*What the exercise asks*: Omit the pictures, then reproduce exactly the line bearing "SK11 ZOIDチップソー" and every line after it up to and including the last line of the entries below.

*Listed records*:
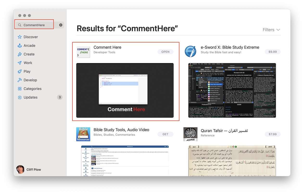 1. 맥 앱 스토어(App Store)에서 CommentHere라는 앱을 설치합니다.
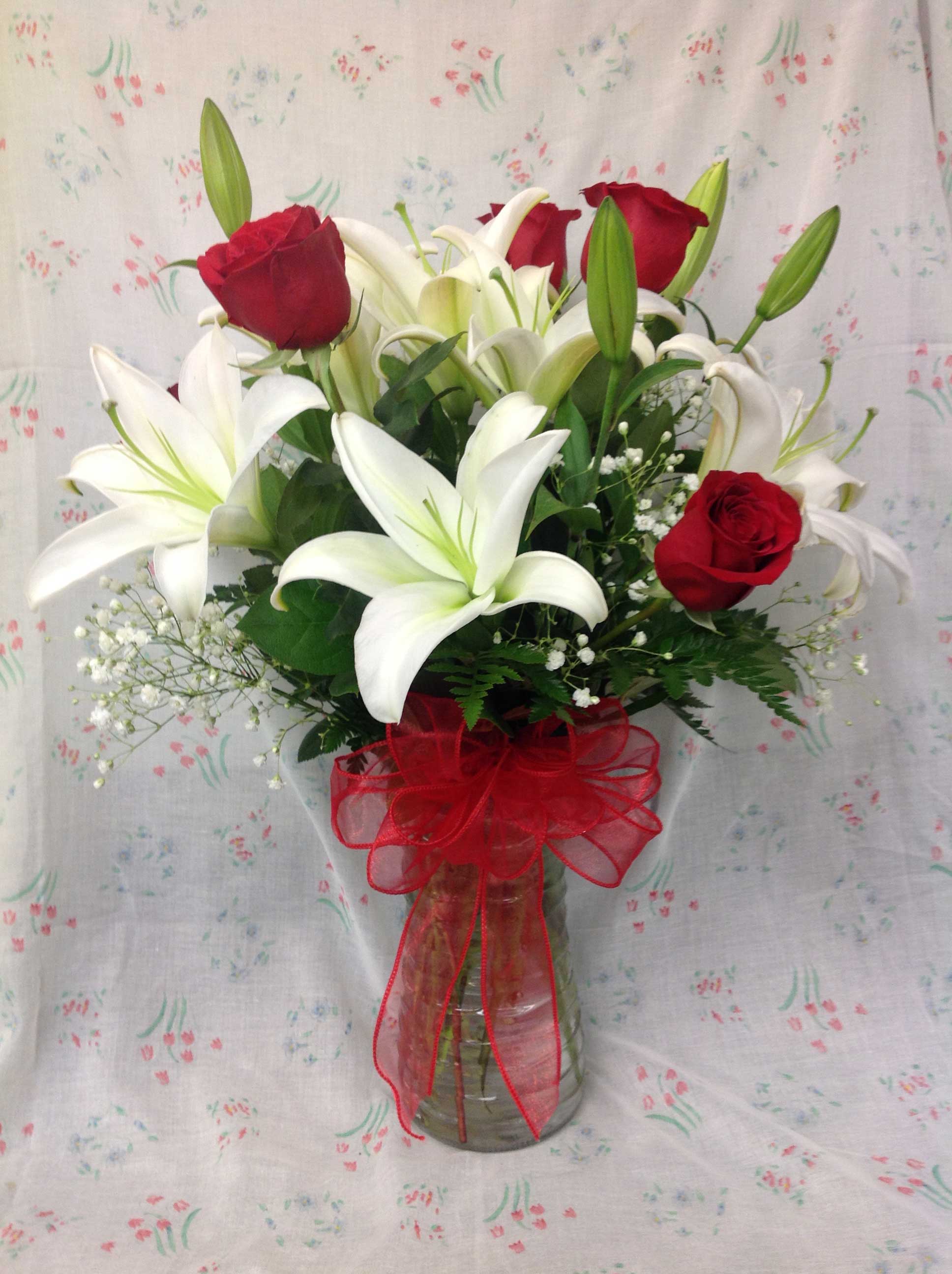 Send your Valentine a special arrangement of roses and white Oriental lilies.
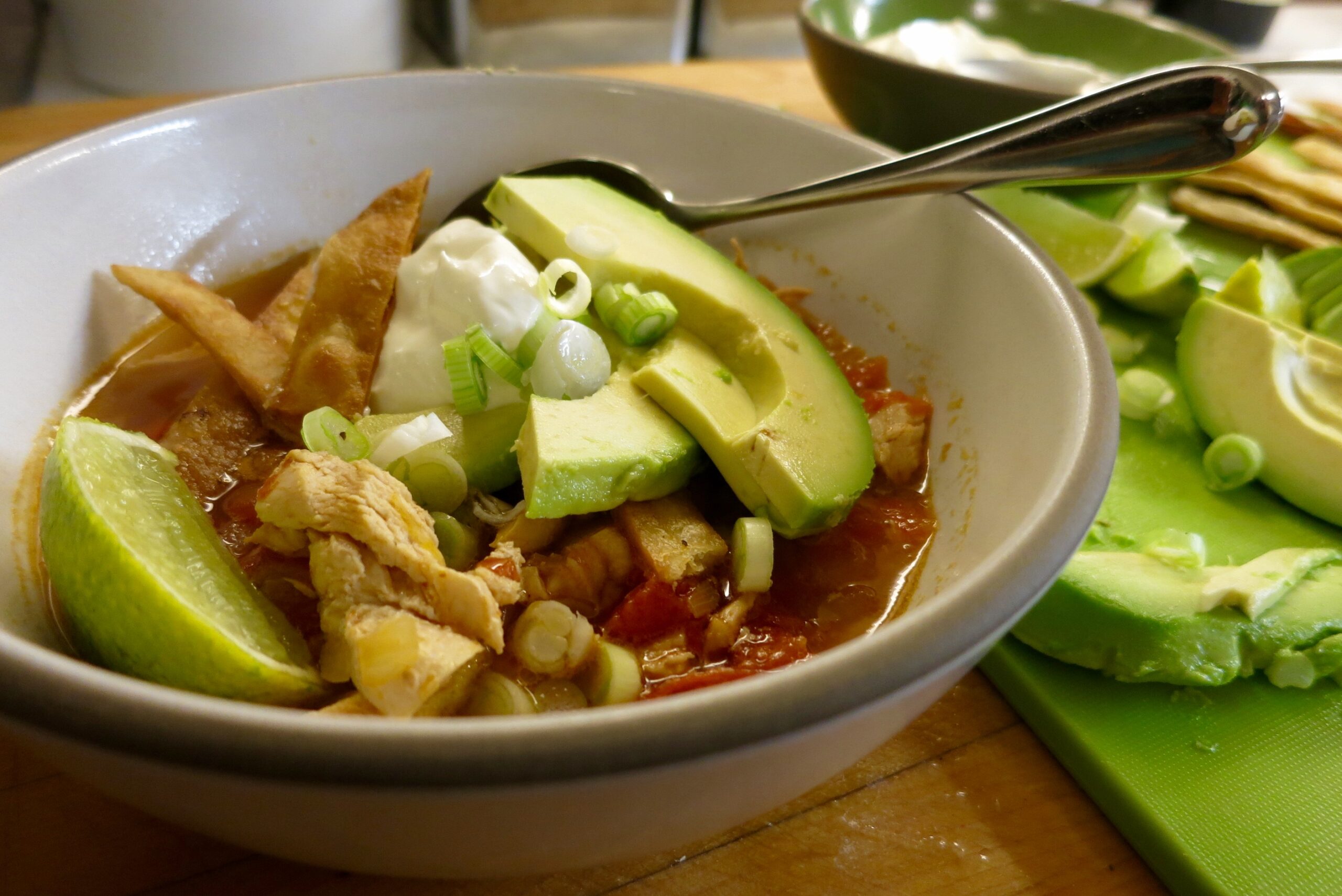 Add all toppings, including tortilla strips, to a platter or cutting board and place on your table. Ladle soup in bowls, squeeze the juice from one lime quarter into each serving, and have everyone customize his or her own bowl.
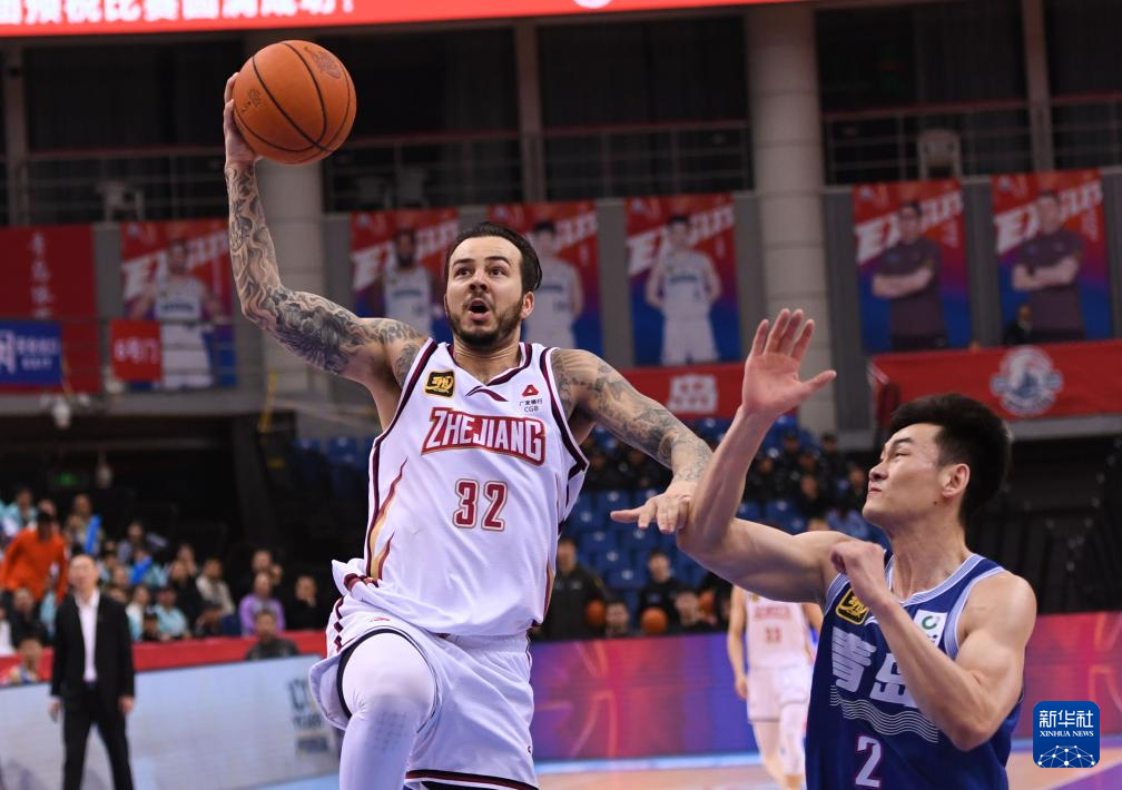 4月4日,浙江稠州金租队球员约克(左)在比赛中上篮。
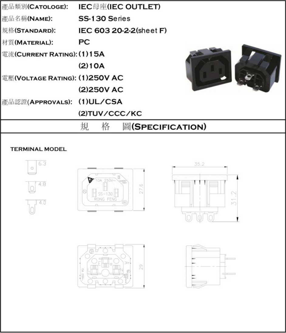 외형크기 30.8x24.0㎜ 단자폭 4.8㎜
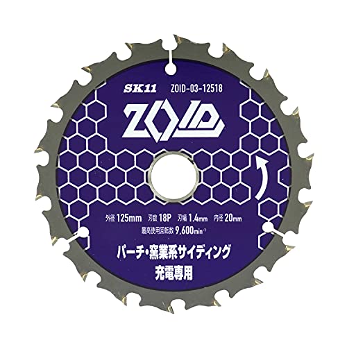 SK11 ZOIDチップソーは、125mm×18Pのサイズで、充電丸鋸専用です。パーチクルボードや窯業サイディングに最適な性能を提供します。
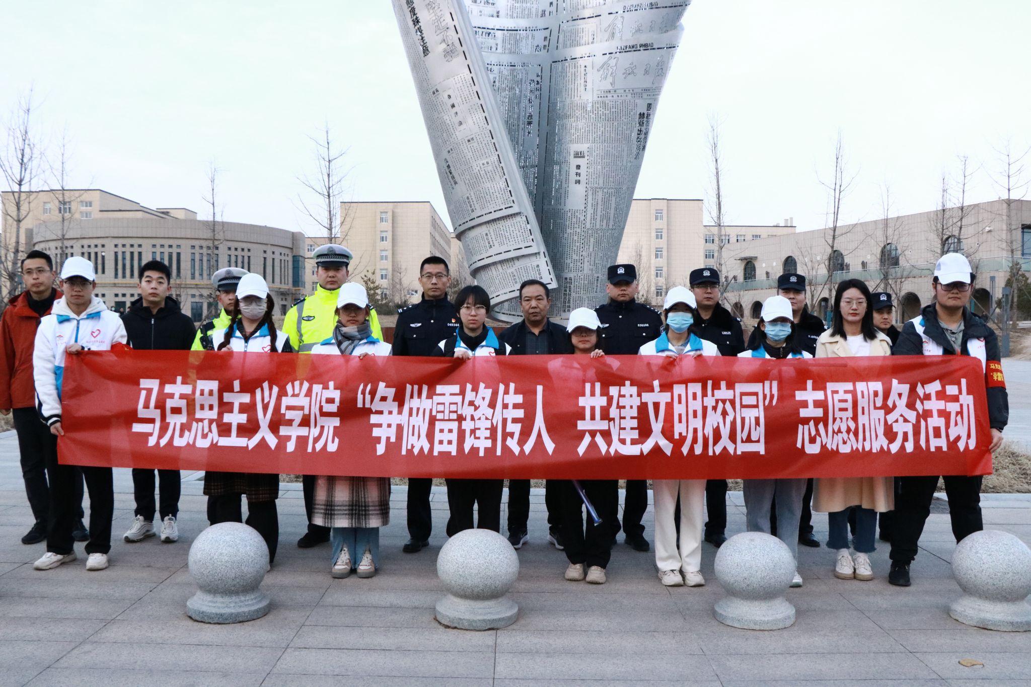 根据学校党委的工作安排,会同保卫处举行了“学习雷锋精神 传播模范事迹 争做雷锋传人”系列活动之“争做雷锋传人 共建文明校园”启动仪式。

*Answer section*:
 SK11 ZOIDチップソーは、125mm×18Pのサイズで、充電丸鋸専用です。パーチクルボードや窯業サイディングに最適な性能を提供します。
 根据学校党委的工作安排,会同保卫处举行了“学习雷锋精神 传播模范事迹 争做雷锋传人”系列活动之“争做雷锋传人 共建文明校园”启动仪式。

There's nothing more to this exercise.